После того как при Дмитрии Донском московские князья получили ярлык на великое княжество Владимирское в наследственное владение, равных им соперников на Руси не осталось, и постепенно бояре из других земель стали подтягиваться под сильную руку, принимая местные обычаи.
Юридические нормы и в Киевской Руси не играли такой основополагающей роли, как в ареале господства римского права – Западной Европе и Византии, но все же в КР существовал и соблюдался неписаный договор между князем и дружиной, накладывавший обязанности на обе стороны. Новое положение власти и новый характер элиты позволили окончательно заменить договорные отношения между ними отношениями правителя и подданных. Раньше дружинник мог свободно поменять место службы, «отъехать» от одного князя к другому. Но уже со второй половины XIV в. «отъезды» практически прекращаются, а с конца следующего столетия «отъезжать» стало просто некуда, разве что бежать в перманентно воюющую с Москвой Литву, что воспринималось как измена. Уже в ту пору критерий «службы» стал играть в формировании социально-политической элиты определяющую роль: «В Московской Руси место человека на лестнице служилых чинов… определялось не только происхождением, но и сочетанием служебной годности и служб человека с учетом его родовитости, то есть служебного уровня его „родителей“, родичей вообще, а в первую очередь его прямых предков» (С. Б. Веселовский).

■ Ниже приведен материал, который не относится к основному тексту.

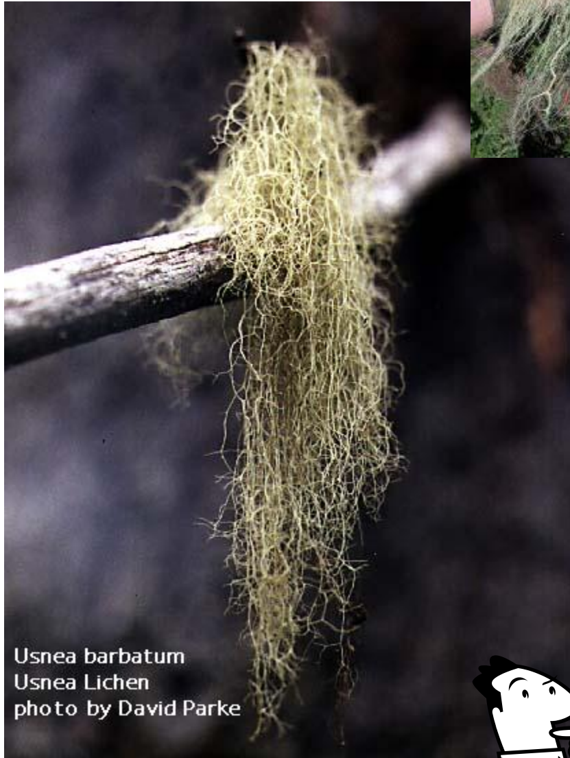
Usnea barbata Usnea Lichen

Служилый характер аристократии еще более усилился после широкого внедрения при Иване III новой, условной формы феодального землевладения – поместья. Напомню, что именно в поместное владение двум тысячам человек были розданы огромные земли, конфискованные у новгородских бояр, что позволило содержать большое и непосредственно зависящее от великого князя профессиональное войско. Это было «грандиозной, по тогдашним масштабам, и смелой реформой» (С. Б. Веселовский). К середине XVI в. поместное войско составляло, по разным оценкам, от 20 до 45 тыс. человек, в него «верстались» представители самых разных слоев населения, вплоть до боярских холопов. В поместную раздачу шли и другие конфискации по окраинам – Псков, Вязьма, Смоленск, а также дворцовые земли великого князя и земли черносошных крестьян (лично свободных, но платящих государству налоги и несших в отношении его ряд повинностей – тягло). Поместье давалось за службу – бессрочную, пока у помещика на нее доставало сил; в отличие от вотчины, оно не являлось частной собственностью и могло быть отобрано в случае уклонения от службы. Впрочем, и на вотчинную, частную собственность московские самодержцы последовательно накладывали ограничения, а со второй половины XVI в. за уклонение от службы отбирались уже и вотчины.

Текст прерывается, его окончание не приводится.